— Directions for this task —
Write out exactly, excluding pictures, the lines from the one containing "Sneakers marrones mujer" through the end of the data, both included.

Stored entries:

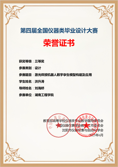 6月10日,由教育部高等学校仪器类专业教学指导委员会、中国仪器仪表学会教育工作委员会、沈阳市仪器仪表与自动化学会主办,重庆大学承办的第四届全国仪器类毕业设计大赛落下帷幕。由麻豆性爱 宋凯林老师指导自动化2021级颜宇完成的“基于STM32L0的电池管理系统的研究与设计”获得二等奖,刘海桥老师指导自动化2021级洪升涛完成的“激光焊接机器人数字孪生模型构建及应用”获得三等奖,学院获得团体三等奖。
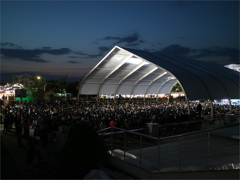사천와룡문화제 개막식 축하공연 모습. 공연장이 꽉 들어차 말 그대로 인산인해다.
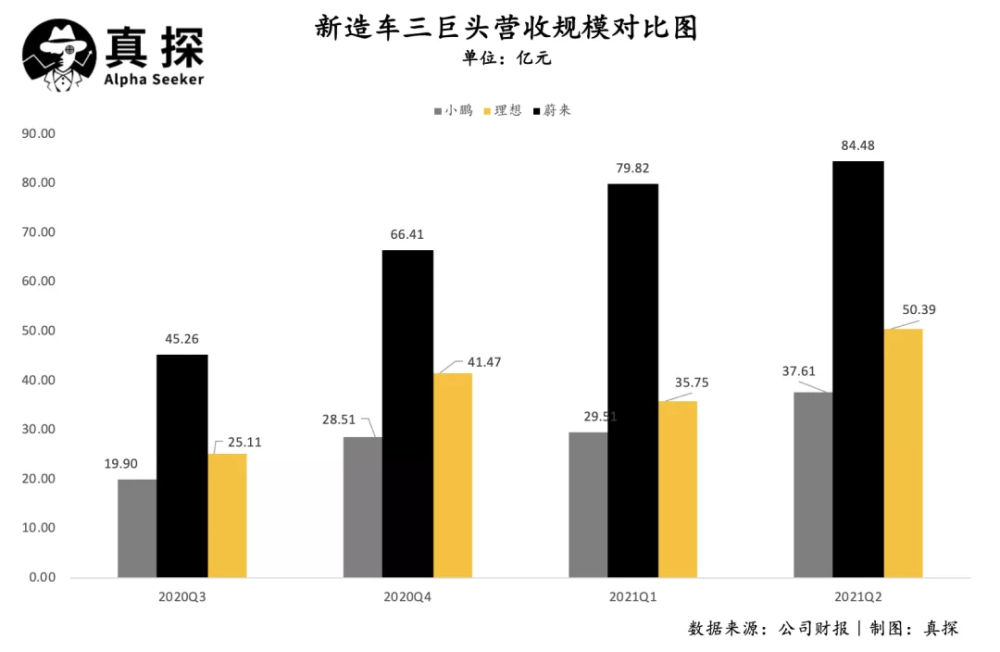2021年二季度蔚來一家的營收幾乎等於理想加小鵬的營收,蔚來規模之“大”,可見一斑。
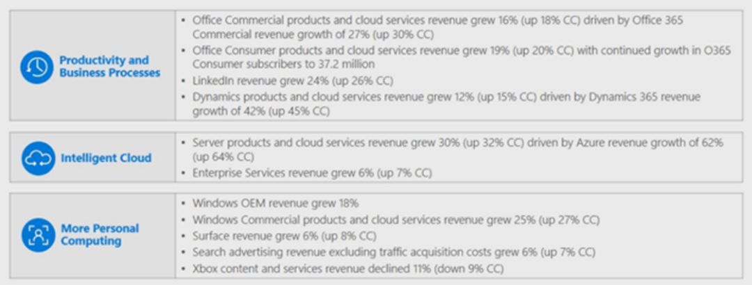 尽管通常认为成长股的估值通常要高于被归类为防御型股票的公司,但微软也符合所有成长股的标准。因此,微软股票一定的溢价至少可以部分归因于微软数十年来一直保持着持续加快的增长:
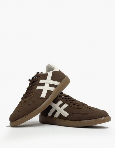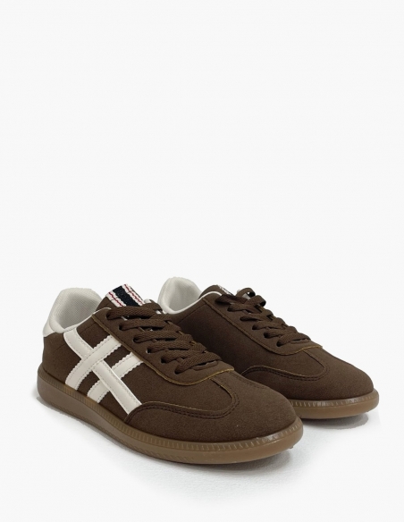 Sneakers marrones mujer estilo clásico con suela a tono y franjas blancas. Eleva tu estilo diario con estas deportivas de inspiración vintage. Suela robusta y diseño icónico que añade un aire sofisticado y fácil de combinar. ¡Comodidad y moda en cada paso!
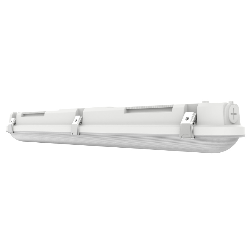 LEDVANCE DP CBO 600 V je odolné lineární svítidlo pro náročné prostředí s nastavitelným výkonem (Multi Lumen) i teplotou chromatičnosti (Multi Color) přímo na měniči. Díky krytí IP66 a nárazové odolnosti IK10 je ideální do garáží, průmyslových a skladových prostor, parkovišť či podchodů. Koncept Plug & Upgrade umožňuje snadnou přestavbu na senzorovou či nouzovou verzi; varianta MS využívá vysokofrekvenční snímač pro automatické spínání. Nízké blikání, vysoká účinnost až 153 lm/W a životnost až 50 000 h (L70/B50 při 25 °C) zajišťují spolehlivý a úsporný provoz, průchozí zapojení a zasouvací svorky zase urychlují instalaci.
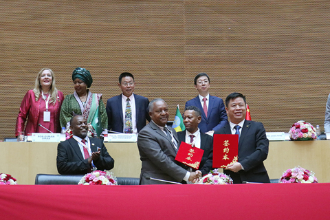 首屆中非企業家高端論壇助力深化中非務實合作 2026-04-23 03:31:00 ◎ 首屆中非企業家高端論壇四月二十一日在位於埃塞俄比亞首都亞的斯亞貝巴的非洲聯盟(非盟)總部舉行。此次論壇以「深化中非務實合作,共啟發展新征程」為主題,共有來自政府、企業、媒體、社會團體等七百餘人出席。圖為當日,在埃塞俄比亞首都亞的斯亞貝巴的非盟總部,嘉賓在首屆中非企業家高端論壇上參加簽約儀式。(新華社記者 劉方強 攝)

— Task answer —
 Sneakers marrones mujer estilo clásico con suela a tono y franjas blancas. Eleva tu estilo diario con estas deportivas de inspiración vintage. Suela robusta y diseño icónico que añade un aire sofisticado y fácil de combinar. ¡Comodidad y moda en cada paso!
 LEDVANCE DP CBO 600 V je odolné lineární svítidlo pro náročné prostředí s nastavitelným výkonem (Multi Lumen) i teplotou chromatičnosti (Multi Color) přímo na měniči. Díky krytí IP66 a nárazové odolnosti IK10 je ideální do garáží, průmyslových a skladových prostor, parkovišť či podchodů. Koncept Plug & Upgrade umožňuje snadnou přestavbu na senzorovou či nouzovou verzi; varianta MS využívá vysokofrekvenční snímač pro automatické spínání. Nízké blikání, vysoká účinnost až 153 lm/W a životnost až 50 000 h (L70/B50 při 25 °C) zajišťují spolehlivý a úsporný provoz, průchozí zapojení a zasouvací svorky zase urychlují instalaci.
 首屆中非企業家高端論壇助力深化中非務實合作 2026-04-23 03:31:00 ◎ 首屆中非企業家高端論壇四月二十一日在位於埃塞俄比亞首都亞的斯亞貝巴的非洲聯盟(非盟)總部舉行。此次論壇以「深化中非務實合作,共啟發展新征程」為主題,共有來自政府、企業、媒體、社會團體等七百餘人出席。圖為當日,在埃塞俄比亞首都亞的斯亞貝巴的非盟總部,嘉賓在首屆中非企業家高端論壇上參加簽約儀式。(新華社記者 劉方強 攝)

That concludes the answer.